Annual Australian Football League match

The Good Friday SuperClash is an annual Australian Football League (AFL) match played on Good Friday, traditionally between the North Melbourne Football Club and the Carlton Football Club. The fixture is held at Docklands Stadium (commercially Marvel Stadium) in Melbourne and is played in support of the Royal Children's Hospital Good Friday Appeal, combining elite sport with a significant charitable cause.

== History ==
The AFL had historically refrained from scheduling matches on Good Friday out of respect for its religious significance. However, after years of public interest and lobbying—particularly by North Melbourne, the league approved the first Good Friday match in 2017, which featured North Melbourne against the Western Bulldogs.

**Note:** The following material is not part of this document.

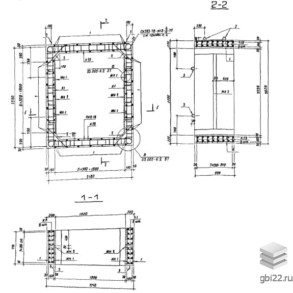 Армирование блоков выполняется пространственным каркасом, собранным из плоских каркасов. Рабочая и поперечная арматура изготовлены из горячекатаной стали класса А-III. В блоках предусмотрены закладные детали для упрощения соединения изделий и крепления оборудования. Для удобства погрузочно-разгрузочных работ блоки оснащаются монтажными петлями из арматурной стали класса А-I.
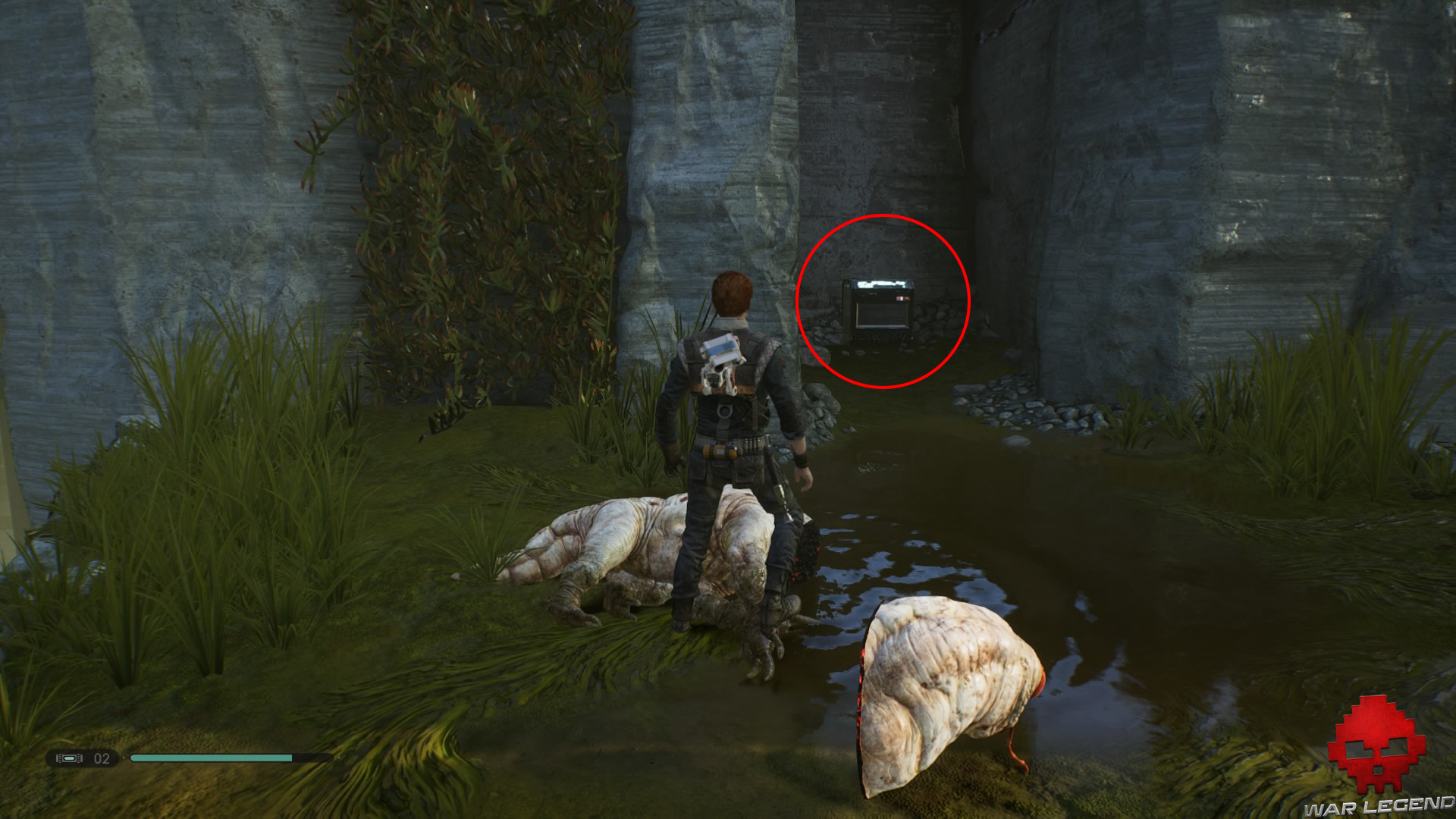 Sautez en bas à droite et tuez la créature. Retournez-vous et ouvrez le coffre caché dans le renfoncement.

From 2017 to 2022, the fixture saw mixed results in terms of competitiveness and crowd engagement. In 2023, the AFL rebranded the game as the Good Friday SuperClash, replacing the Western Bulldogs with Carlton to boost attendance, viewership, and commercial appeal. The rebrand aimed to establish the game as a marquee event on the AFL calendar.

== Match results ==

| # | Year | Home team | Score | Away team | Score | Winner | Venue | Crowd |
| 1 | 2017 | North Melbourne | 12.14 (86) | Western Bulldogs | 12.17 (89) | Western Bulldogs | Docklands Stadium | 42,814 |
| 2 | 2018 | North Melbourne | 13.17 (95) | St Kilda | 5.13 (43) | North Melbourne | 33,966 |
| 3 | 2019 | North Melbourne | 7.16 (58) | Essendon | 17.14 (116) | Essendon | 48,278 |
|  | 2020 | No match played due to the COVID-19 pandemic |  |  |  |  |  |  |
| 4 | 2021 | North Melbourne | 5.9 (39) | Western Bulldogs | 25.17 (167) | Western Bulldogs | Docklands Stadium | 28,483 |
| 5 | 2022 | North Melbourne | 11.5 (71) | Western Bulldogs | 21.13 (139) | Western Bulldogs | 32,162 |
| 6 | 2023 | North Melbourne | 11.18 (84) | Carlton | 16.11 (107) | Carlton | 49,062 |
| 7 | 2024 | North Melbourne | 12.9 (81) | Carlton | 21.11 (137) | Carlton | 47,565 |
| 8 | 2025 | North Melbourne | 11.5 (71) | Carlton | 24.9 (153) | Carlton | 46,373 |
| 9 | 2026 | North Melbourne | 14.12 (96) | Carlton | 13.8 (86) | North Melbourne | 45,919 |

== SuperClash Superhero Medal ==
The SuperClash Superhero Medal was introduced in 2025 and is awarded to the player judged best on ground in the match. The name of the medal reflects the match's association with the Royal Children's Hospital Good Friday Appeal, often themed around superheroes to celebrate the bravery of the young patients. The first recipient of the medal was George Hewett (Carlton) in the 2025 match, after a standout midfield performance in their 82-point win over North Melbourne.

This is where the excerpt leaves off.